What came first was the avian flu, and then the price hike in stores.
Egg carton prices shot through the roof starting in spring 2022, sporting a 267% increase by December when the price for a dozen eggs was at $4.25 — a significant increase from the $1.93 price tag in January 2022.
As of Jan. 25, the price for a dozen held steady between $3.30 to $3.34 in the Northeast.
While prices are higher, availability is not a problem.
In turn, local farms have noticed increased interest in their eggs, and some have said the cartons are flying off farm stand shelves.
In some cases, buyers figure if they're going to pay more, they might as well get fresh eggs at their local stand.
Homestead Apiary, Charlton
Ginger Kelly, the owner of Kelly Homestead Apiary in Charlton, said that she has been selling out every weekend.
For Kelly's flock of 50 chickens, that’s an average of 14 to 20 dozen eggs per week.
Anyone driving by her farmstand will see cartons going for as much as $8.
Little Bit Farm and Apiary, Leicester
Dianna Provencher, who owns a 30-chicken farm in Leicester, the Little Bit Farm and Apiary, echoed Kelly on strong sales, adding that grain prices have also contributed to the price hike.
“(Because of) the bird flu that happened last spring a lot of the poultry had to be put down, and without a lot of poultry that has an effect on the egg,” said Provencher.
Woodland Gardens Farm, Princeton
Dianna Markley, the owner of Woodland Gardens Farm in Princeton, which sells mostly duck eggs, said she’s seeing the same pattern, going through three dozen per week.
“More people are calling me, and even some local stores,” said Markley.
Bob Beauregard, manager at The Country Hen in Hubbardston, a massive organic egg operation with about 107,000 chickens, says the choice comes down to quality. The business sells to markets.
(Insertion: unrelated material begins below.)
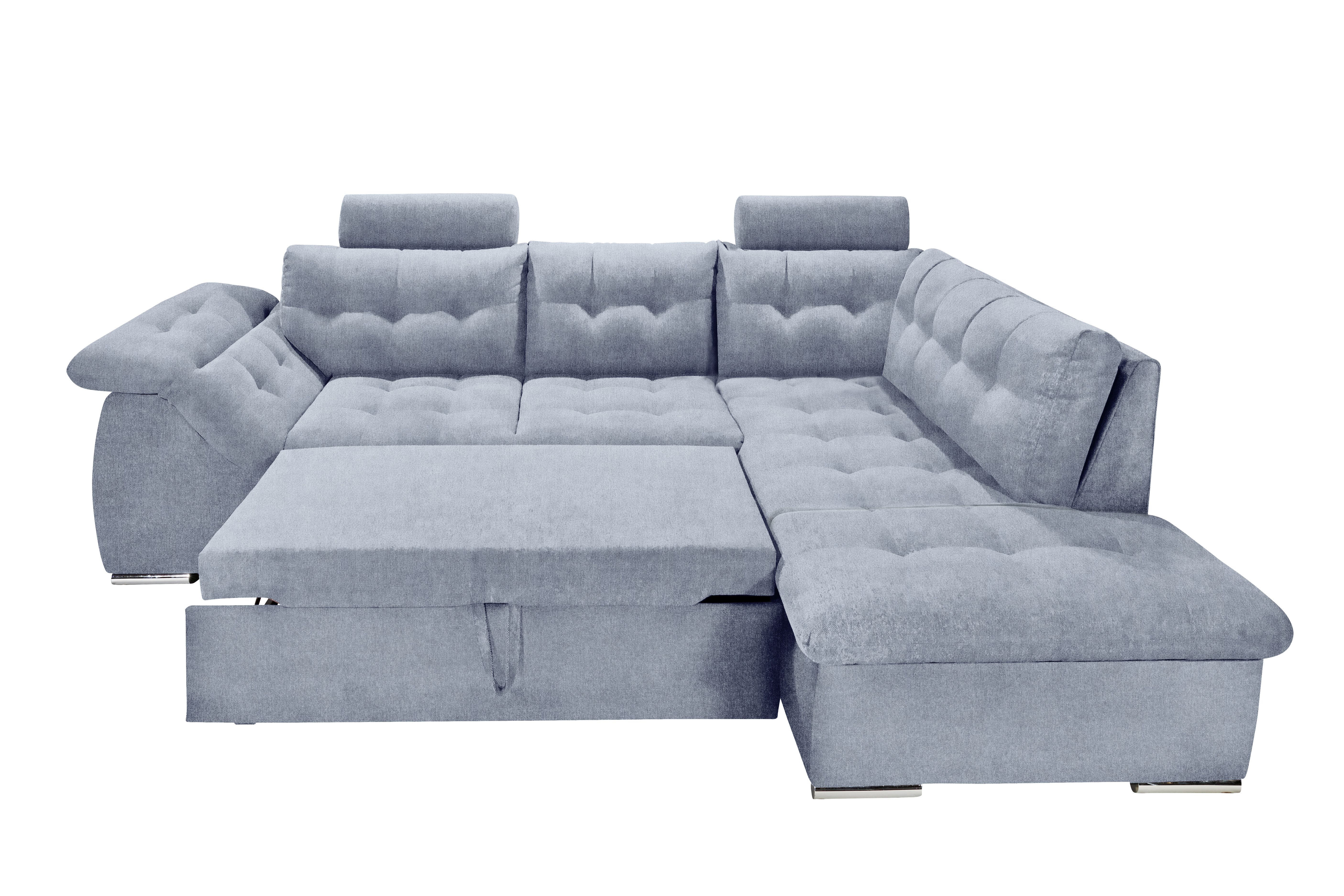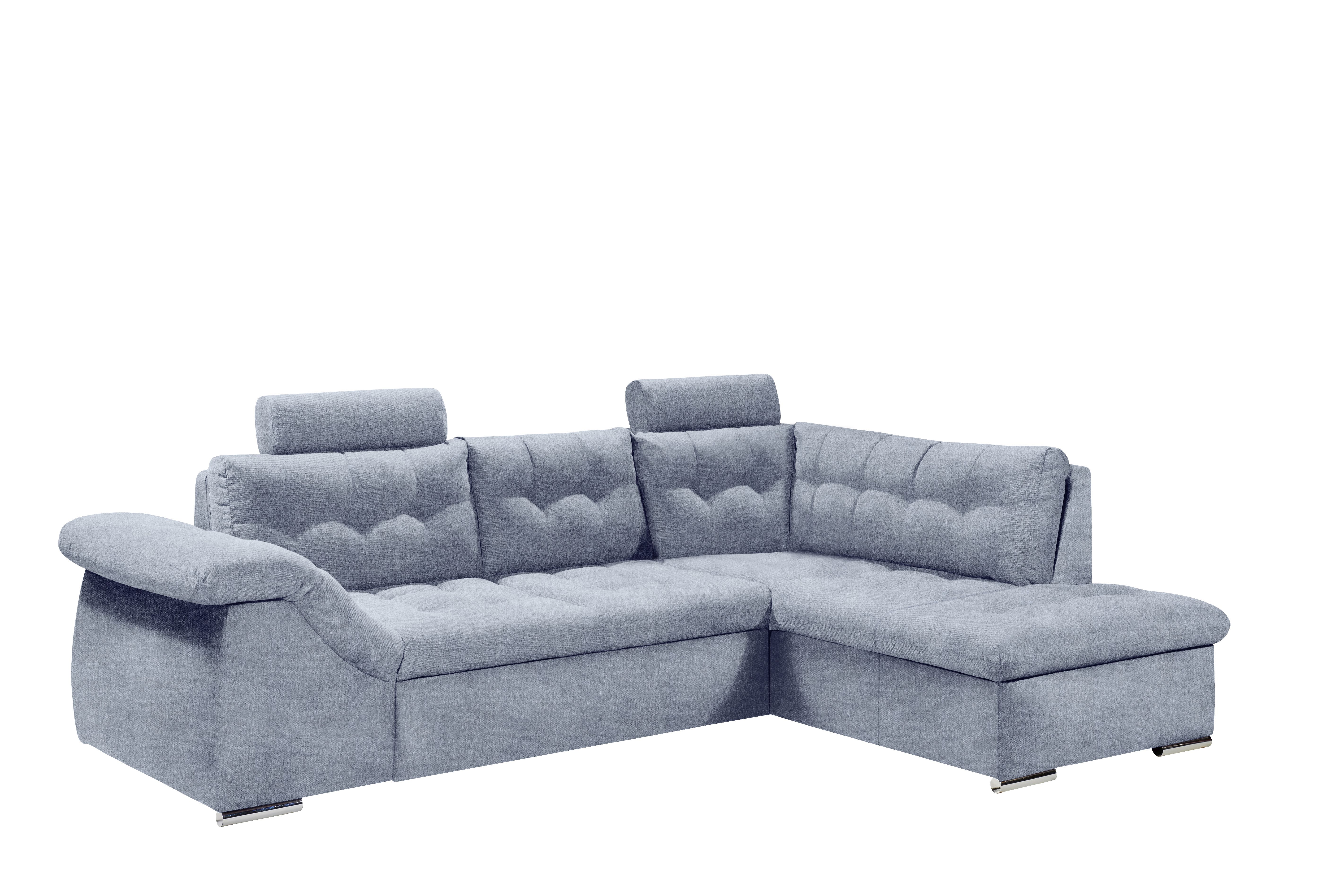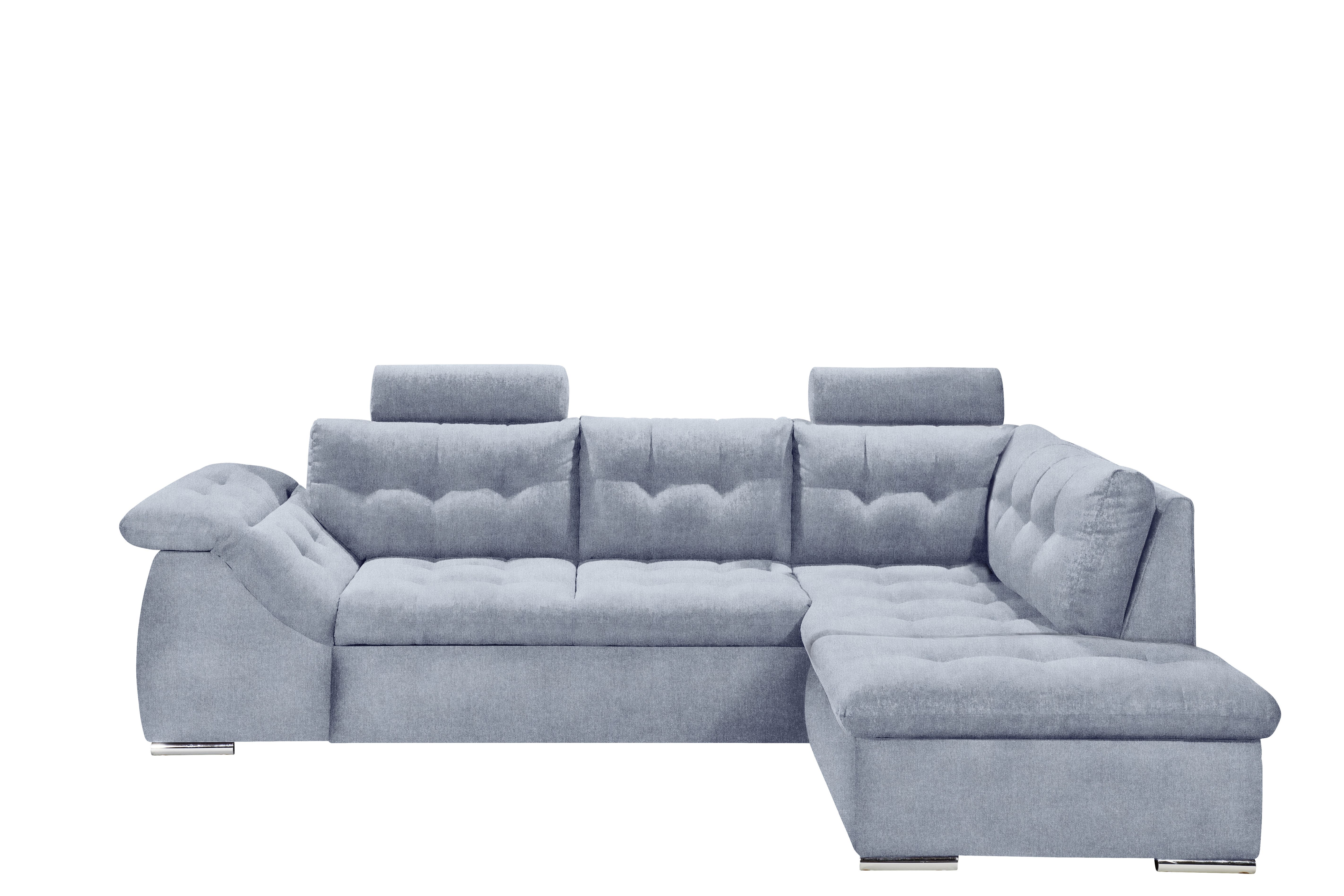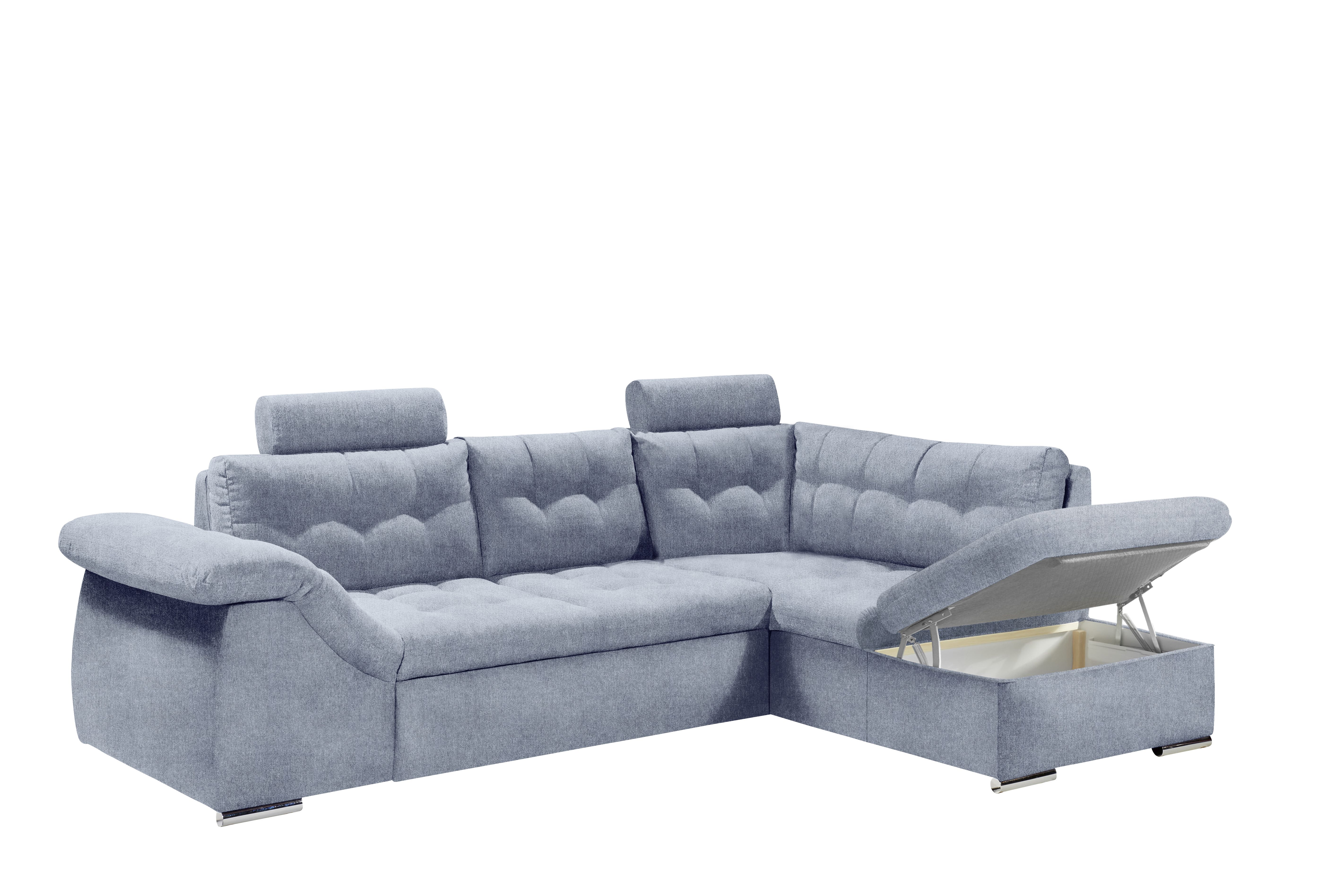 | Ausstattung Polster: | Kopfstützen, Ottomane rechts, Rücken echt, inkl. Bettkasten | ||

“The shelves are pretty bare,” Beauregard said of the retail end of the egg business. “Either you're going to go in, you're going to find (eggs) or you're not, and that's including our product as well because they sell out pretty quick.
“There's nothing there and people kind of almost forced into buying a better-quality egg.”
For those looking to cross the street for farm fresh eggs in the county, the following locations offer an option on their farm stands.
154 Houghton Road, Princeton
The stand is open Tuesday, Wednesday and Friday from 9 a.m. to noon, and Monday from 9 a.m. to 3 p.m.
Kelly Homestead Apiary
167 Carpenter Hill Road, Charlton
The farm is open Friday through Sunday from 9 a.m. to 6:30 p.m.
Lilac Hedge Farm
216 Wachusett St., Rutland
The farm is open Wednesday through Saturday 11 a.m. to 6 p.m. and Sundays 11 a.m. to 5 p.m.
Little Bit Farm and Apiary
26 Charles St., Leicester
Open from 9 a.m. to 6 p.m. every day.
Drive up to the farmstead and either knock on the front door or honk the horn, said Provencher.
Woodland Gardens Farm
32 Brooks Station Road, Princeton
For those curious about duck or goose eggs, that’s the farm’s biggest output. Cartons are kept in a farm stand at the corner of Brooks Station Road and the path that leads to the farm.